So, how does a Leyden jar work? For that matter, how do those friction machines work? Let’s answer those questions now, rather than waiting for another 150 years of history to pass, and get started on disentangling a language problem associated with electricity.
Today, we have the benefit of knowing that matter consists of atoms, and that atoms
contain electrons. These are modern notions, of course.20 The investigators we’ve introduced so far did not know about the structure of matter, and so they groped in the darkness. In fact, it is their struggle that has illuminated and informed our understanding. They could not know that friction machines depend on the fact that electrons in a given material are bound imperfectly to their host atoms. The strength of this binding depends on the details of the material, as well as on external factors such as temperature. It is more likely than not that two different materials will have differing affinities for electrons. Consequently, a net transfer of electrons will gen-erally take place to the material with the greater affinity, leaving that material with a net surplus of electrons, and the other with a deficiency of electrons. To use du Fay’s language, one material will exhibit vitreous electricity, and the other will be resinous. In modern terms, one will be positively charged, and the other will be negatively charged.
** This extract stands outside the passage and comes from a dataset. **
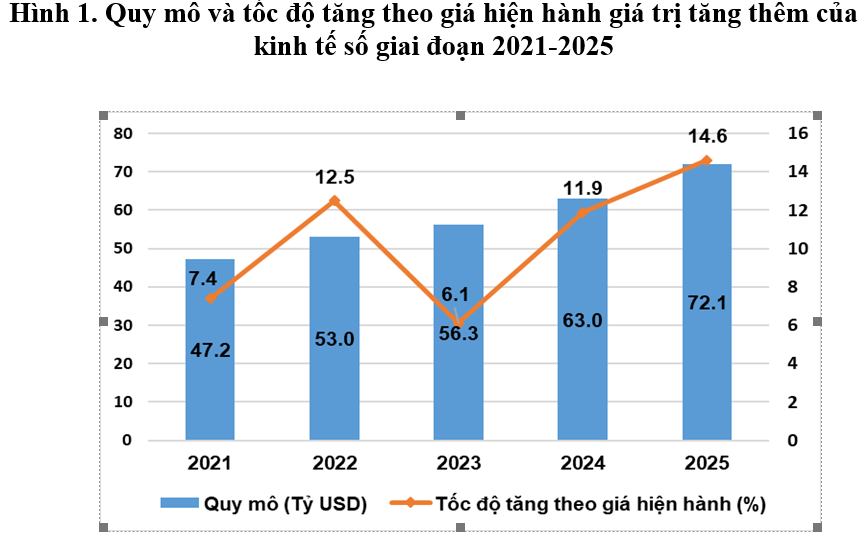 Tỷ trọng giá trị tăng thêm của kinh tế số trong GDP của Việt Nam liên tục tăng trong giai đoạn 2021-2025, từ 12,87% GDP năm 2021 lên 14,02% GDP năm 2025, trung bình giai đoạn này ước đạt khoảng 13,2%, trong đó ngành kinh tế số lõi đóng góp 8,13% và số hóa các ngành khác là 5,05%.
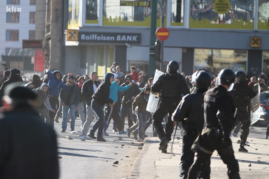 14:24 – U Sarajevu sukob policije i demonstranata, više povrijeđenih.

From the foregoing description, it would seem that rubbing is not fundamentally needed. Indeed, that’s right. Contact between dissimilar materials is the basic requirement. Anyone who has seen the sparks produced as a piece of cellophane adhesive tape is rapidly pulled off a surface has seen evidence that this is the case.
Rubbing is simply an expedient way to get a greater surface area to come into inti-mate contact (the key word is intimate, for a separation of a few atomic diameters is sufficient to prevent functioning).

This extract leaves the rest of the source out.